Exercise aim
Return the full listing unchanged, excluding any images it contains.

Information shown
- - -
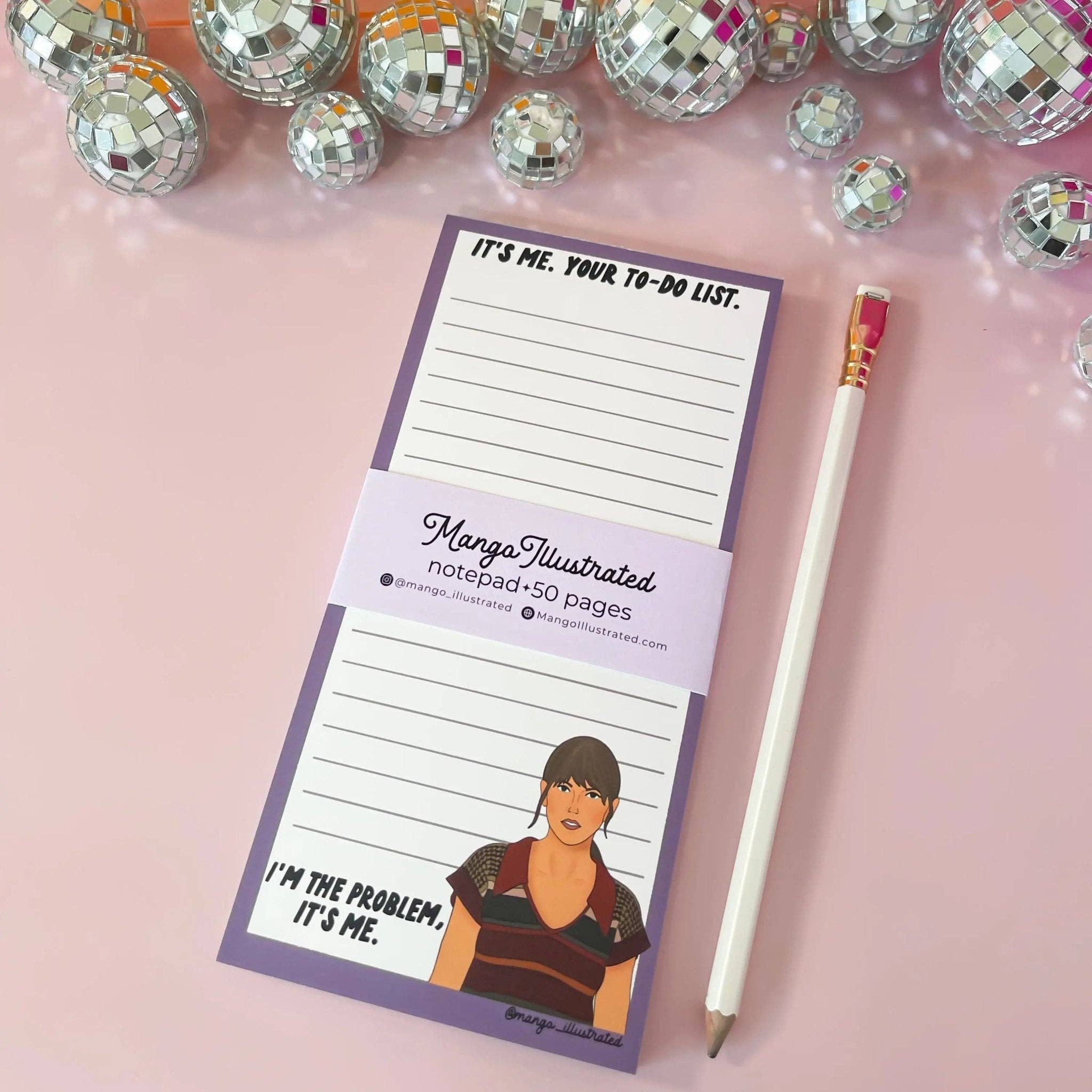 Get those thoughts off your chest and off your desk with this Lavender Haze themed notepad. This notepad features the lyric "get it off my desk" in dark purple hand lettering by me. In the bottom left corner is a hand drawn illustration of Tay in her Lavender Haze Eras Tour outfit. The edges of the notepad are a dark to light lavender gradient. Make sure to check out our Swiftie Stationery shop section for more must-have desk additions! About this notepad - - 50 tear away sheets (gummed at top) - Measures 4" x 5.5" - Cardboard backing - Designed in Charlotte, printed in USA - Packaged safely in a cellophane sleeve **Please note, color of actual notepad may vary slightly due to the settings of the device you are viewing the listing on.
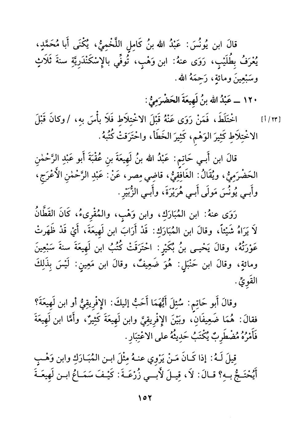 قال ابن أبي حاتم: عبد الله بن لهيعة بن عقبة أبو عبد الرحمن الحضرمي، ويقال: الغافقي، قاضي مصر، عن: عبد الرحمن الأعرج، وأبي يونس مولى أبي هريرة، وأبي الزبير.
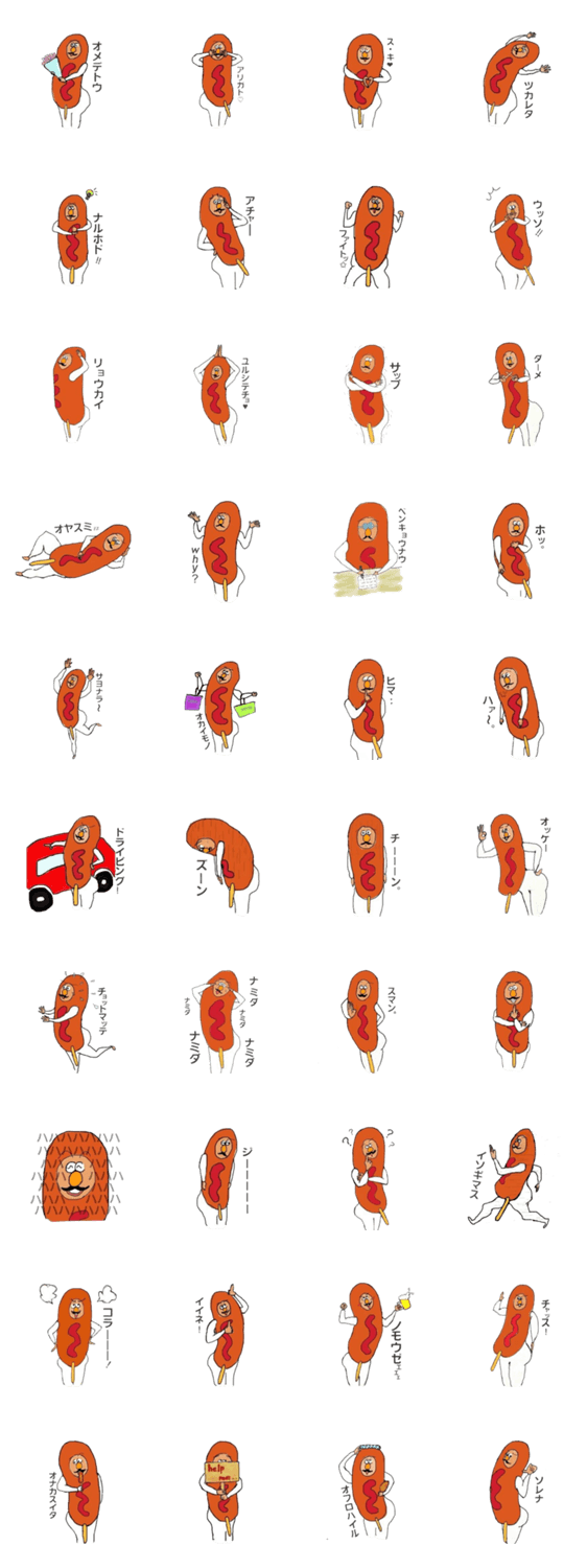 フランクフルトの着ぐるみを着たおじさん。ちょっと気持ち悪いけど、なぜか愛おしい…日常会話で使えるスタンプです。
- - -
Solved exercise
 Get those thoughts off your chest and off your desk with this Lavender Haze themed notepad. This notepad features the lyric "get it off my desk" in dark purple hand lettering by me. In the bottom left corner is a hand drawn illustration of Tay in her Lavender Haze Eras Tour outfit. The edges of the notepad are a dark to light lavender gradient. Make sure to check out our Swiftie Stationery shop section for more must-have desk additions! About this notepad - - 50 tear away sheets (gummed at top) - Measures 4" x 5.5" - Cardboard backing - Designed in Charlotte, printed in USA - Packaged safely in a cellophane sleeve **Please note, color of actual notepad may vary slightly due to the settings of the device you are viewing the listing on.
 قال ابن أبي حاتم: عبد الله بن لهيعة بن عقبة أبو عبد الرحمن الحضرمي، ويقال: الغافقي، قاضي مصر، عن: عبد الرحمن الأعرج، وأبي يونس مولى أبي هريرة، وأبي الزبير.
 フランクフルトの着ぐるみを着たおじさん。ちょっと気持ち悪いけど、なぜか愛おしい…日常会話で使えるスタンプです。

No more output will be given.